Your task =
As you work through the listing below, copy each line exactly and drop the images.

Data segment =
┄┄┄┄┄┄┄┄┄┄┄┄┄┄┄┄┄┄┄┄
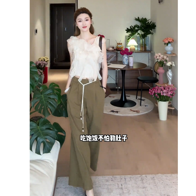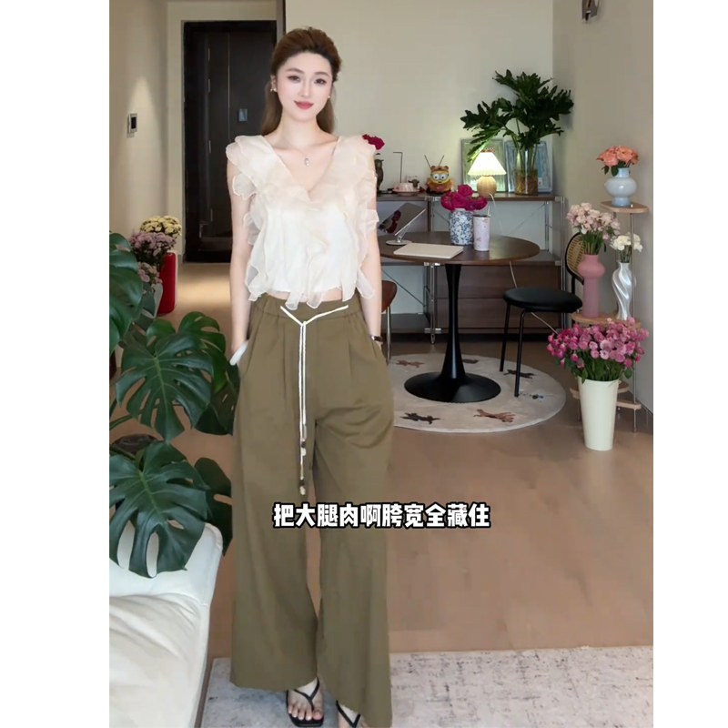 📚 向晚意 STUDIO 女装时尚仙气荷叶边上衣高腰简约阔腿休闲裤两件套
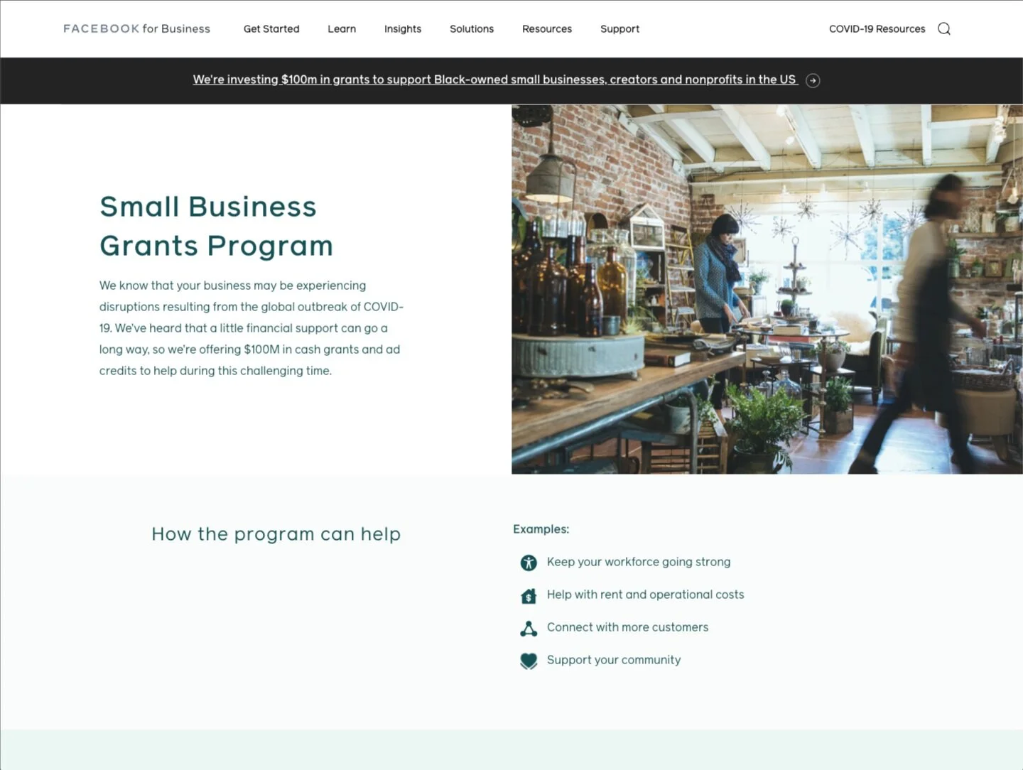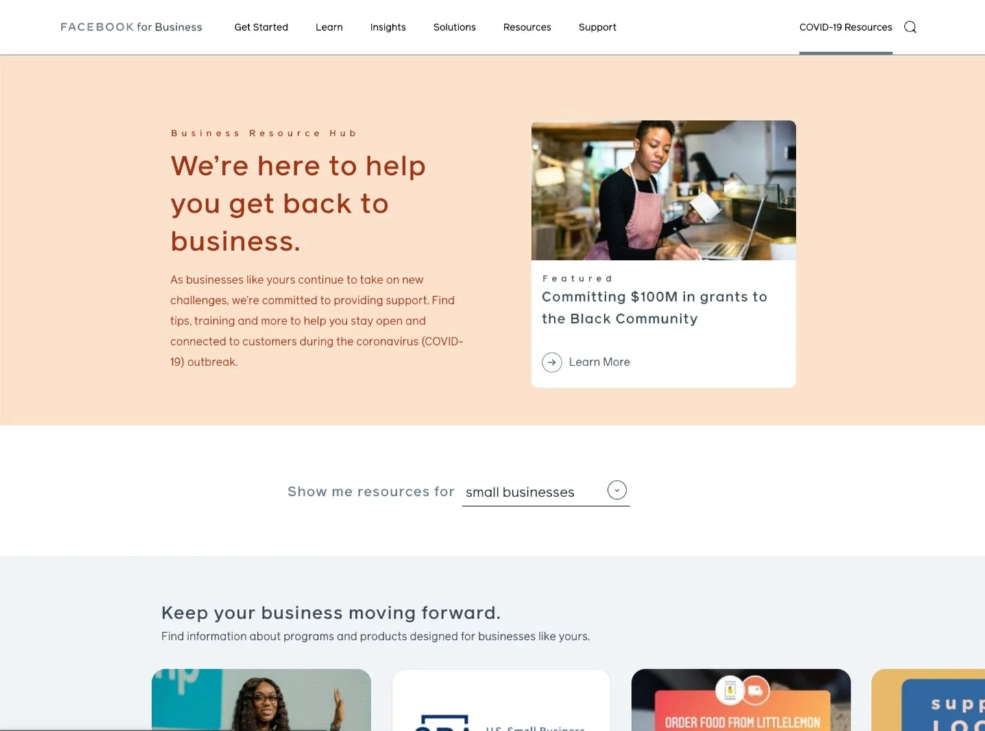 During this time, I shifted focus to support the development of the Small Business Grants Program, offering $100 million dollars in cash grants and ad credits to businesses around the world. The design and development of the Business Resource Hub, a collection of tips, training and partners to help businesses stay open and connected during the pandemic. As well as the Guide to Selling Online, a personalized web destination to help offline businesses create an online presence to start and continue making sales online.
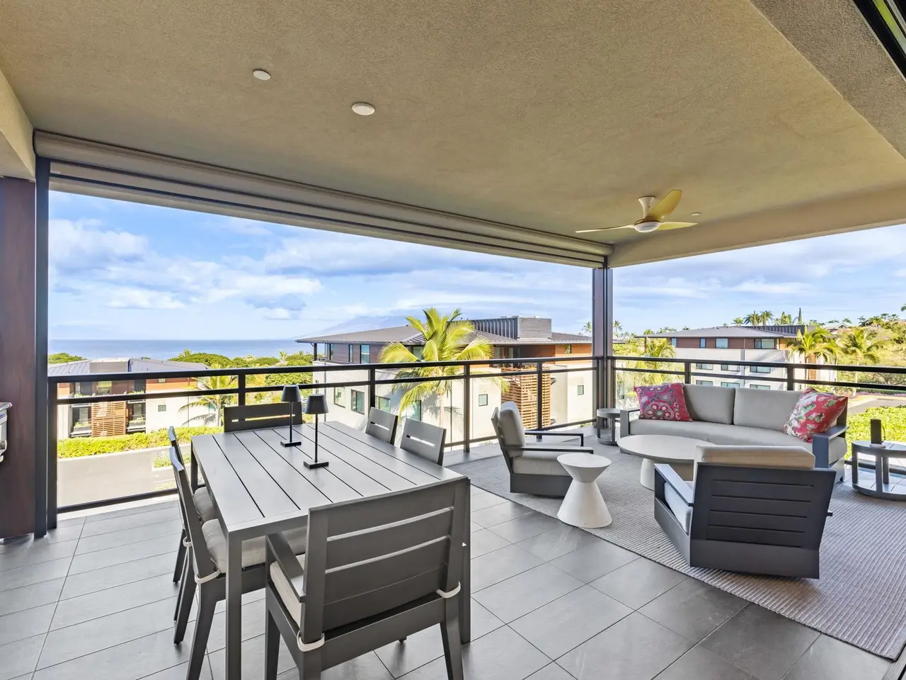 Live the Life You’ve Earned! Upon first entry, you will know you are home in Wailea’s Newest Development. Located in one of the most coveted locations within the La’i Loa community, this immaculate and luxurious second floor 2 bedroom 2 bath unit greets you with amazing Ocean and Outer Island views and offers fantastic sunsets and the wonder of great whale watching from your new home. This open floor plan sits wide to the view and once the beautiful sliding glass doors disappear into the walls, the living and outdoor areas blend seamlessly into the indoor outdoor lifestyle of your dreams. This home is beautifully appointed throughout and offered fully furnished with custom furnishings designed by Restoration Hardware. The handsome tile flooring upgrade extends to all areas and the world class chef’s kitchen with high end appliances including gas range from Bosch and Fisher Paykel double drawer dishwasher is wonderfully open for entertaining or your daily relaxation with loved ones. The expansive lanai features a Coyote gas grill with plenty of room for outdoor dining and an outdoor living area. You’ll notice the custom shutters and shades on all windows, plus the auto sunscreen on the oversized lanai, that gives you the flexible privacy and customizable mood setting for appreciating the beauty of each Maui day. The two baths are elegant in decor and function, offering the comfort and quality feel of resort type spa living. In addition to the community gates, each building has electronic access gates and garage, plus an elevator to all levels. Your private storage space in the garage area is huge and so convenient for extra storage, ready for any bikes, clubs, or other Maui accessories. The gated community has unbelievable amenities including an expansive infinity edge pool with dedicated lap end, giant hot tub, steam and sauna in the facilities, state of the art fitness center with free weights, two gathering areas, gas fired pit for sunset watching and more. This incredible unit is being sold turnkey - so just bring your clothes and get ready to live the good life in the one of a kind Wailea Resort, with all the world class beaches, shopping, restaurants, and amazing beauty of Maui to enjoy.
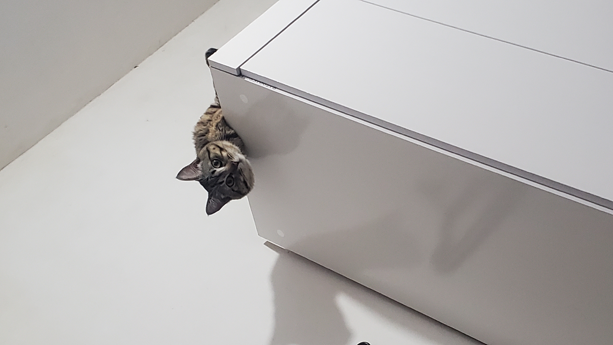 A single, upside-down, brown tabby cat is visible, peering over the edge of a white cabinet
┄┄┄┄┄┄┄┄┄┄┄┄┄┄┄┄┄┄┄┄
Answer section =
 📚 向晚意 STUDIO 女装时尚仙气荷叶边上衣高腰简约阔腿休闲裤两件套
 During this time, I shifted focus to support the development of the Small Business Grants Program, offering $100 million dollars in cash grants and ad credits to businesses around the world. The design and development of the Business Resource Hub, a collection of tips, training and partners to help businesses stay open and connected during the pandemic. As well as the Guide to Selling Online, a personalized web destination to help offline businesses create an online presence to start and continue making sales online.
 Live the Life You’ve Earned! Upon first entry, you will know you are home in Wailea’s Newest Development. Located in one of the most coveted locations within the La’i Loa community, this immaculate and luxurious second floor 2 bedroom 2 bath unit greets you with amazing Ocean and Outer Island views and offers fantastic sunsets and the wonder of great whale watching from your new home. This open floor plan sits wide to the view and once the beautiful sliding glass doors disappear into the walls, the living and outdoor areas blend seamlessly into the indoor outdoor lifestyle of your dreams. This home is beautifully appointed throughout and offered fully furnished with custom furnishings designed by Restoration Hardware. The handsome tile flooring upgrade extends to all areas and the world class chef’s kitchen with high end appliances including gas range from Bosch and Fisher Paykel double drawer dishwasher is wonderfully open for entertaining or your daily relaxation with loved ones. The expansive lanai features a Coyote gas grill with plenty of room for outdoor dining and an outdoor living area. You’ll notice the custom shutters and shades on all windows, plus the auto sunscreen on the oversized lanai, that gives you the flexible privacy and customizable mood setting for appreciating the beauty of each Maui day. The two baths are elegant in decor and function, offering the comfort and quality feel of resort type spa living. In addition to the community gates, each building has electronic access gates and garage, plus an elevator to all levels. Your private storage space in the garage area is huge and so convenient for extra storage, ready for any bikes, clubs, or other Maui accessories. The gated community has unbelievable amenities including an expansive infinity edge pool with dedicated lap end, giant hot tub, steam and sauna in the facilities, state of the art fitness center with free weights, two gathering areas, gas fired pit for sunset watching and more. This incredible unit is being sold turnkey - so just bring your clothes and get ready to live the good life in the one of a kind Wailea Resort, with all the world class beaches, shopping, restaurants, and amazing beauty of Maui to enjoy.
 A single, upside-down, brown tabby cat is visible, peering over the edge of a white cabinet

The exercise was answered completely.